Christoffer (Thomsen) is a youngish restaurateur in Stockholm where his beautiful young wife is a rising star of the Swedish Royal Drama Company. A sudden visit from Christoffer’s father, head of the family steelworks in Denmark, at first seems of no great importance. But a few days later Christoffer finds himself parachuted in to take over the steelworks at the behest of his rather formidable mother. This isn’t what he wants and his life is turned upside down. We learn that he had previously found working in the family business far too stressful, but he seems to do whatever his mother demands – can it all work out? I don’t want to spoil the narrative pleasures of the film so I won’t go into detail but what impressed me (alongside the performances from some of Denmark’s best screen actors and Swedish actor Lisa Werlinder) was the clear-eyed dissection of family relationships and the manoeuvring within the family business. There is no sentimentality here and no pandering to notions of ‘feelgood’ cinema or happy endings. If anyone has illusions about the personal costs that dealing in this kind of business can generate, this will dispel them effectively. There are plenty of French films that deal with family businesses like this, and some of them (such as Laurent Cantet’s Human Resources (1999)) have the same intensity, but I was also reminded of Christian Petzold’s Yella (2007) – a very different kind of film but one that links to the cold business practices of contemporary European capitalism. Part of the narrative of The Inheritance involves a possible merger with a French steel company and it is interesting to see Danish characters who can move easily between Denmark, Sweden and France, speaking fluently (when we know thy could just as easily speak English). Why can’t British and American filmmakers produce interesting stories set in the business world? Instead of intelligent dramas like this on television or in the cinema we seem obsessed with tawdry reality TV shows.

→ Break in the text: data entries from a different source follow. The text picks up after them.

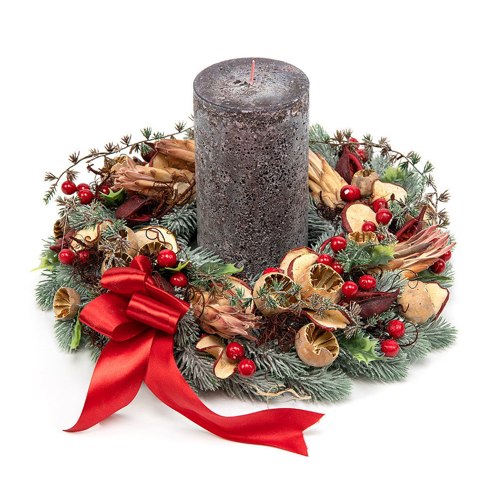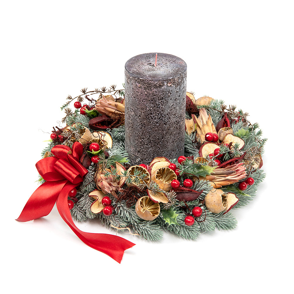 Umelý veniec dozdobený prírodnými a umelými doplnkami so saténovou stuhou. Súčasťou venca je sviečka bordovej farby. Čítať viac
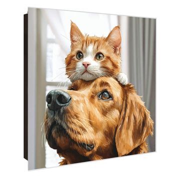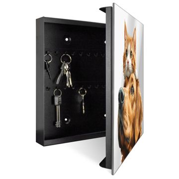 Bringe Ordnung und Stil in deinen Eingangsbereich mit dem banjado Schlüsselkasten mit Spiegel. Die elegante Spiegelfront kombiniert Funktionalität mit modernem Design und macht die Schlüsselaufbewahrung zu einem dekorativen Highlight. ✅ Spiegel Schlüsselaufbewahrung mit Motiv Motiv Freundschaft in Fell Der Design-Schlüsselkasten Motiv Motiv Freundschaft in Fell bietet Platz für bis zu 50 Schlüssel, die auf 5 stabilen Reihen mit je 10 Haken übersichtlich verstaut werden. Mit seinen kompakten Maßen von 30 x 30 x 5 cm passt die Schlüsselbox perfekt auch in kleinere Räume. Der schwarz lackierte Stahlkorpus mit rechts angeschlagenem Türscharnier harmoniert mit der Spiegelfront und fügt sich nahtlos in jedes Wohnambiente ein. Ob als Schlüsselorganizer für Zuhause oder als praktische Lösung für Büros, Praxen und Gewerbe, der banjado Schlüsselkasten sorgt für Ordnung und Übersicht. Die Spiegelfront verleiht dem Eingangsbereich zusätzliche Funktionalität und lässt Räume optisch größer wirken. Die Schlüsselbox Motiv Motiv Freundschaft in Fell zur Wandmontage wird inklusive Befestigungsmaterial geliefert und ist schnell angebracht. So hast du deine Schlüssel jederzeit griffbereit und zugleich stilvoll verstaut. Mit diesem banjado Schlüsselkasten Motiv Motiv Freundschaft in Fell kombinierst du praktische Aufbewahrung mit stilvollem Wohndesign. Ob privat oder geschäftlich, die Schlüsselbox sorgt für mehr Ordnung, Übersicht und ein wohnliches Ambiente.Vorteile im Überblick
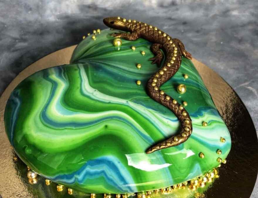 Сборка малахитового торта. На уже готовую основу мастер художественно наносит зеркальную глазурь и завершает оформление композиции ящерицей из пластичного шоколада. От такой профессиональной работы глаз не оторвать!
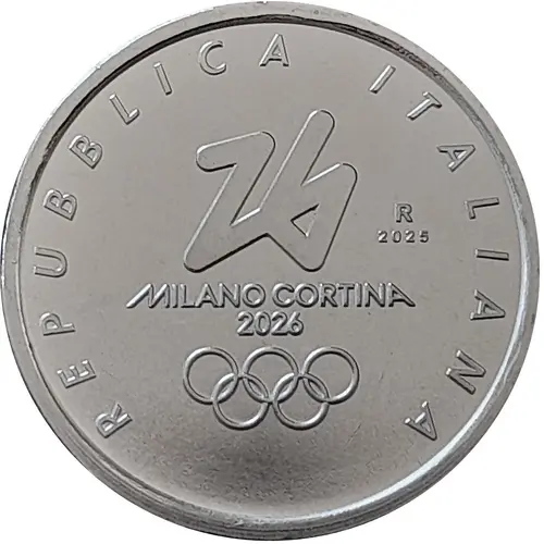 Descripción del anverso In the centre, the official logo of the Milano Cortina 2026 Winter Olympic Games. Arche-shaped, the inscription “Repubblica Italiana”. In the right field, the “R”, identifying the Mint of Rome, and “2025”, the year of the coin’s issue.
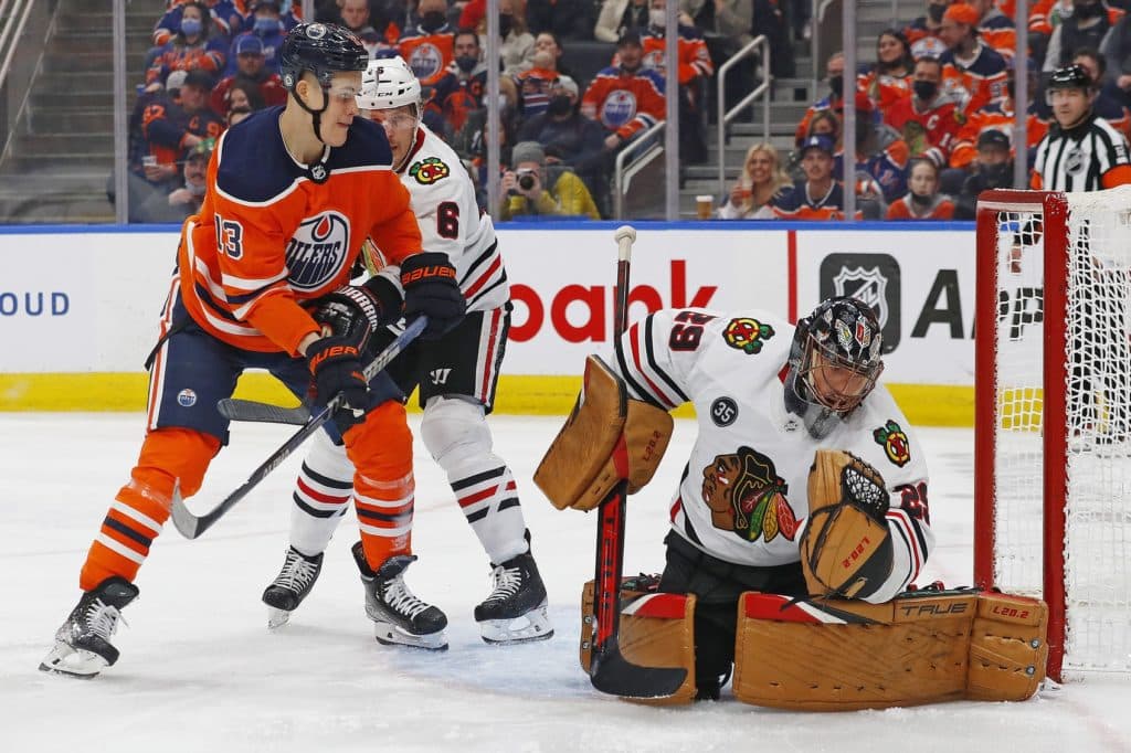 Feb 9, 2022; Edmonton, Alberta, CAN; Edmonton Oilers forward Jesse Puljujarvi (13) plays for the rebound in front of Chicago Blackhawks goaltender Marc-Andre Fleury (29) during the third period at Rogers Place. Mandatory Credit: Perry Nelson-USA TODAY Sports
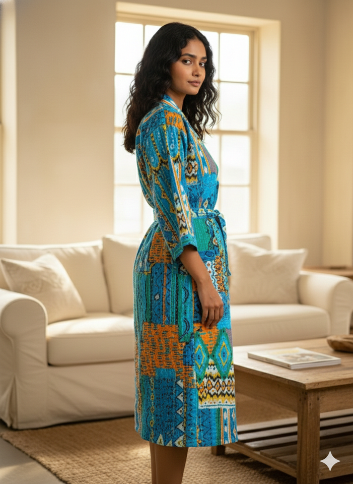 Print Method:Digital Printing, Kantha Kimono
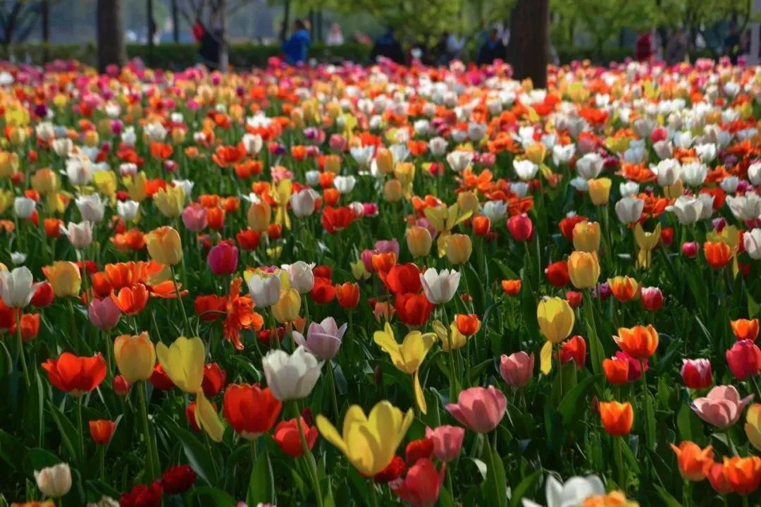 整修后的大宁公园于去年下半年重新开放,眼下有50万株郁金香,汇成了超1万㎡的花海,归来即巅峰。
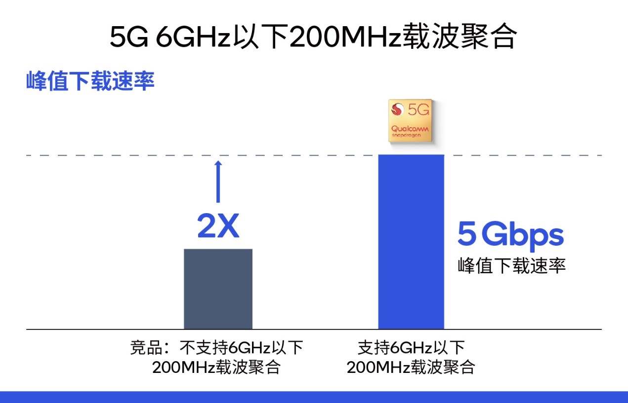 除了毫米波,骁龙865在6GHz以下频段也能够提供无与伦比的速度和覆盖范围。凭借对200MHz频谱载波聚合的支持,骁龙865在6GHz以下频段的峰值速率是竞品旗舰解决方案的2倍,提供高达5Gbps的下载速率。近期,我们利用骁龙X55调制解调器及射频系统,通过6GHz以下TDD模式的200MHz载波聚合,实现了3.6Gbps的速率。

Directed and partly written by Per Fly, The Inheritance is the second in a trilogy of films set in three different strata of Danish society. Christoffer’s family are industrialists of the haute bourgeoisie (in one scene preparing for a politically-correct hunt with careful rules about what you can shoot). The other two films are Drabet (2005) and Baenken (2000), but these don’t appear to have made it to the UK – despite Draben being an official UK co-production. The Inheritance has been the most successful of Fly’s films but I’m surprised that after the domestic market and that of co-production partner Norway, the best territories for the film have been Italy and Spain rather than Sweden and the UK (the other co-producers) Germany or France (see the Lumiere database). So typing this as ‘North European Drama’ doesn’t quite seem to work out.

If any UK readers are feeling withdrawal symptoms after the end of Borgen Series 1, I heartily recommend The Inheritance which is available on offer at Amazon.co.uk at just £3.89. I doubt that you would be disappointed if this replaced your evening’s TV viewing.